5. The method for identifying an unknown individual of a radar signal according to claim 4, wherein said step four comprises: obtaining a conditional feature vector according to a formula c=h×a, wherein c is a conditional feature vector, inputting the obtained conditional feature vector c into a decoding network, wherein the decoding network structure is symmetrical to the encoding network, and the output result of the decoding network is x '=g (w' c+b '), wherein w' is the weight of the decoding network, b 'is the bias of the decoding network, x' is the output of the decoding network, and determining the type of the sample to be identified according to the output of the decoding network.

6. An unknown individual identification device for radar signals, the device comprising:

the training module is used for carrying out network training in an encoding network, a decoding network and a DDPG algorithm, and is specifically used for: training an encoding network and a decoding network using a set of known class samples NThe loss function formula isWherein y is _i For the input real class of the ith sample to be identified, y _i ' is the class of the ith sample to be identified output by the coding network, x _i For the ith sample to be identified, m is the number of samples to be identified, x _i ' is the output of the ith sample to be identified in the decoding network; in the training process, the loss value L of m input samples is calculated each time ₁ Then updating network parameters by a back propagation algorithm until the loss value L of the network ₁ If the network is not descending any more, the training of the coding network and the decoding network is completed;

wherein y is _i Calculated according to the following formula:

y _i ＝r _i +γQ′(s _i+1 ，u′(s _i+1 |Θ ^u′ )|Θ ^Q′ )

wherein r is _i For the reward value of the ith sample to be identified, gamma is a preset weight coefficient, Q is a critic network output value, and Q' is a target critic network output value;

Θ ^Q′ ＝τΘ ^Q +(1-τ)Θ ^Q′

Θ ^u′ ＝τΘ ^u +(1-τ)Θ ^u′ τ is a weight coefficient, and the value is 0.001;

7. An unknown individual identification device for radar signals according to claim 6, wherein said constructing a known class sample set N and an unknown class sample set UN comprises: collecting signals of N radars, taking the signals of K radars as known categories to form a known category sample set N, and taking the signals of N-K radars as unknown categories to form an unknown category sample set UN.

8. An unknown individual identification device for radar signals according to claim 6, wherein said extraction classification module is further configured to: the coding network comprises an input layer, a middle layer and an output layer, wherein the input layer inputs a sample to be identified, the middle layer consists of a one-dimensional convolution layer and a pooling layer, the convolution layer performs feature extraction on the sample to be identified, the pooling layer performs dimension reduction on the sample to be identified, the output layer outputs a feature vector h of the sample to be identified and h=f (wx+b), wherein w is the weight of the coding network, b is the bias of the coding network, x is the sample to be identified of an input one-dimensional sequence, after the feature vector h is obtained, the feature vector h is input into a classifier, and the class of the sample to be identified is obtained, wherein the classifier consists of a full connection layer and a softmax classifier.
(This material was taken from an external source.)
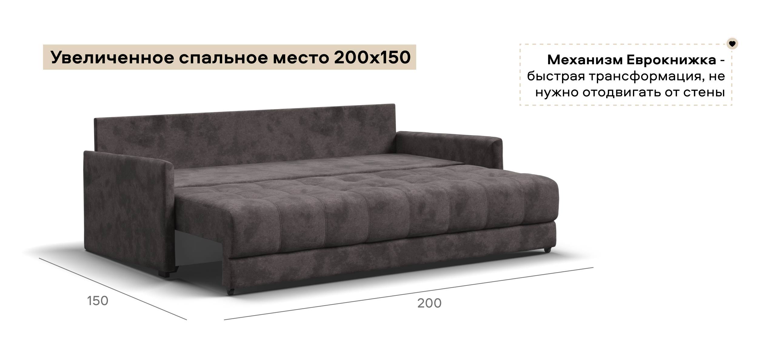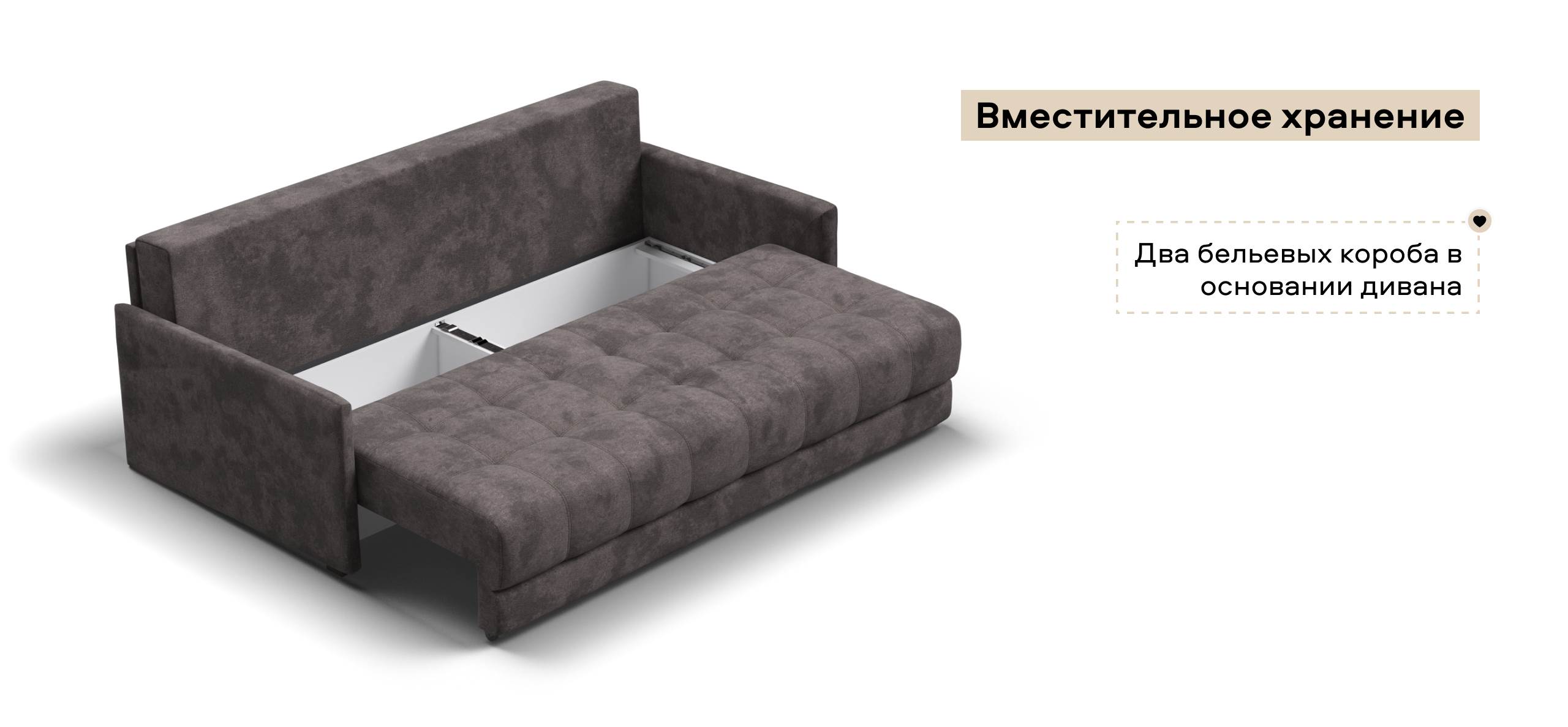 Легкая трансформация в три положения создаст для Вас максимально комфортный отдых, а улучшенное анатомическое основание в диване обеспечит Вам здоровый сон.

9. An unknown individual identification device for radar signals according to claim 6, wherein said vector generation module is further adapted to: utilizing DDPG algorithm to build actor network u (s; theta) based on convolutional neural network ^u ) The critic network Q (s, a; θ ^Q ) Wherein s is the input of the actor network and the critic network and is equal to the characteristic vector h, theta extracted by the coding network ^u Is the weight parameter of the actor network, θ ^Q The weight parameter is the weight parameter of the critic network; and obtaining an action a through action and random noise sampling generated by an actor network, wherein the action a is the attention probability distribution vector.